Malawi: Letina Gondwe adopts labour-saving conservation agriculture techniques to benefit her health (by Mark Ndipita, for Farm Radio Weekly, in Malawi)

November 26, 2012
A translation for this article is available in French

In Malawi, women do more than half of the farm work. Letina Gondwe is no exception. As a widow, she is solely responsible for her family. Farming was the only way she could provide food and income. But when she tested positive for HIV, she was advised to cut back on farm labour.

While Mrs. Gondwe cared for her health, her maize yields declined. She seemed stuck in an impossible situation until she learned about conservation agriculture – a method of farming that calls for less tillage. With conservation agriculture, Mrs. Gondwe began applying more knowledge and less labour to her field.

Mrs. Gondwe hails from Mwakabanga, a village along Malawi’s northern border. She learned that she was HIV positive five years ago, shortly after her husband died. By then, her body’s immunity had dwindled drastically. She started taking immunity-boosting drugs known as antiretrovirals, which were provided by the nearby health centre.

Mrs. Gondwe regained her strength a few months after she began taking the drugs. But intensive farm labour remained a challenge. A few years later, Mrs. Gondwe began to feel desperate. She recalls: “Life started becoming unbearable because I was becoming food insecure year after year. I contemplated starting [a] small-scale business but I had no capital.” She felt that she had no option but to defy hospital advice and spend more hours in her field.

One year ago, her life turned around. An extension worker introduced her to conservation agriculture. The officer explained the practice to Mrs.
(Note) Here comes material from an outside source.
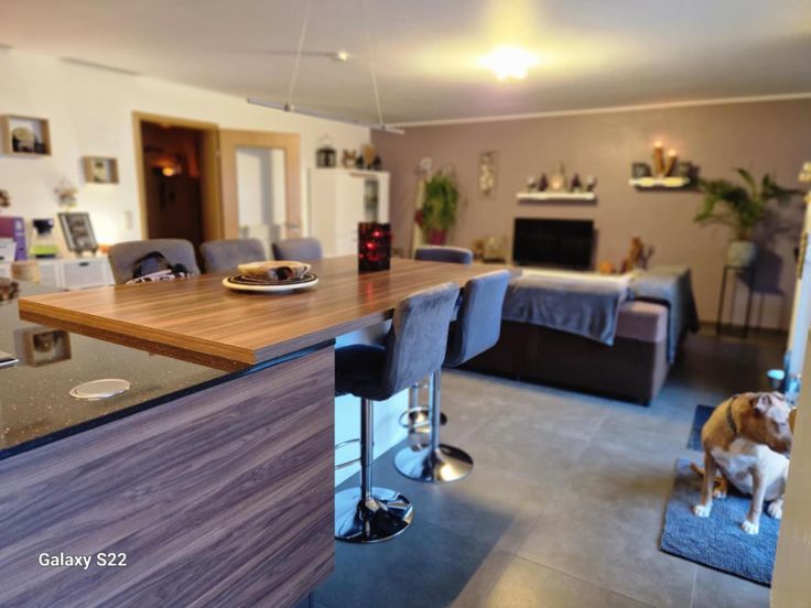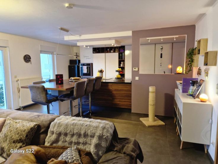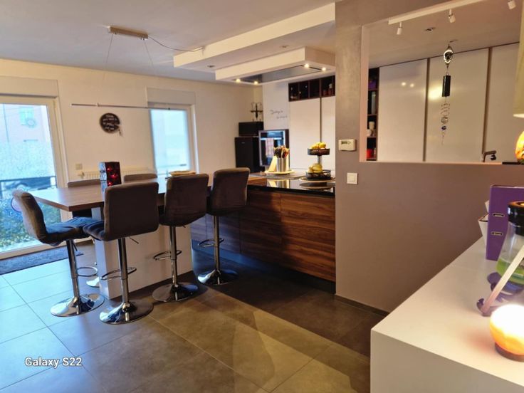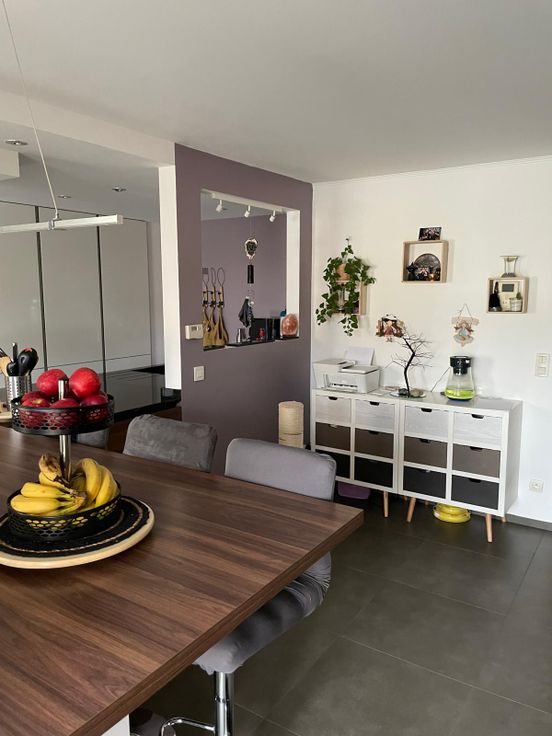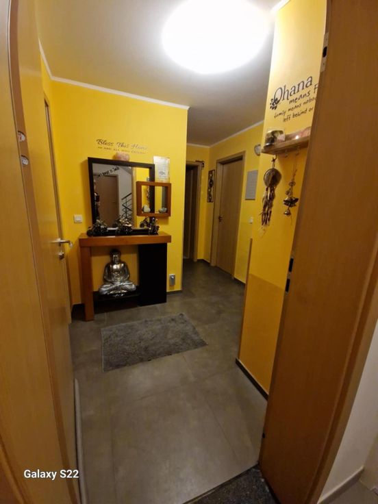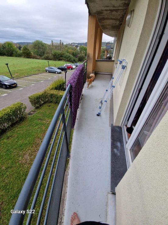 mooi appartement (109 m2) gelegen te Aubange, niet ver van de Luxemburgse grens; 2 slaapkamers; living met een open keuken; badkamer; 2 WC; 2 balkons;1 binnen en een buitenparkeerplaats;1 kelderruimte; elektriciteit in orde; vrij uitzicht op de natuur

Gondwe and other small-scale farmers in the area who live with HIV. Many quickly adopted the new farming methods.

Conservation agriculture involves less tillage – a physically demanding and time-consuming activity. Two alternatives to tillage are promoted. One is called basin tillage. Farmers dig small basins or pits that capture water and soil nutrients. The other is called “ripping.” Farmers use a device that breaks up compacted soil, allowing water and roots to penetrate deeply.

These alternatives to tillage reduce soil loss and erosion. They complement the other principles of conservation agriculture: leaving crop residues on the field as mulch, and rotating crops.

Kossam Munthali is executive director of the Foundation for Community Support Services. This non-governmental organization supports people living with HIV and AIDS in the area. Mr. Munthali praised the farmers for adopting the new, labour-saving approach to agriculture.

Conservation agriculture practices have brought hope and joy to many HIV positive farmers in Malawi. Mrs. Gondwe grows mostly maize, but has added cassava and potatoes. Now she produces enough food for her family with a surplus to sell. With her new income, she buys other nutritious foods to round out her diet. With new-found hope, she says, “I wish all small-scale, HIV positive farmers could adopt this kind of farming.”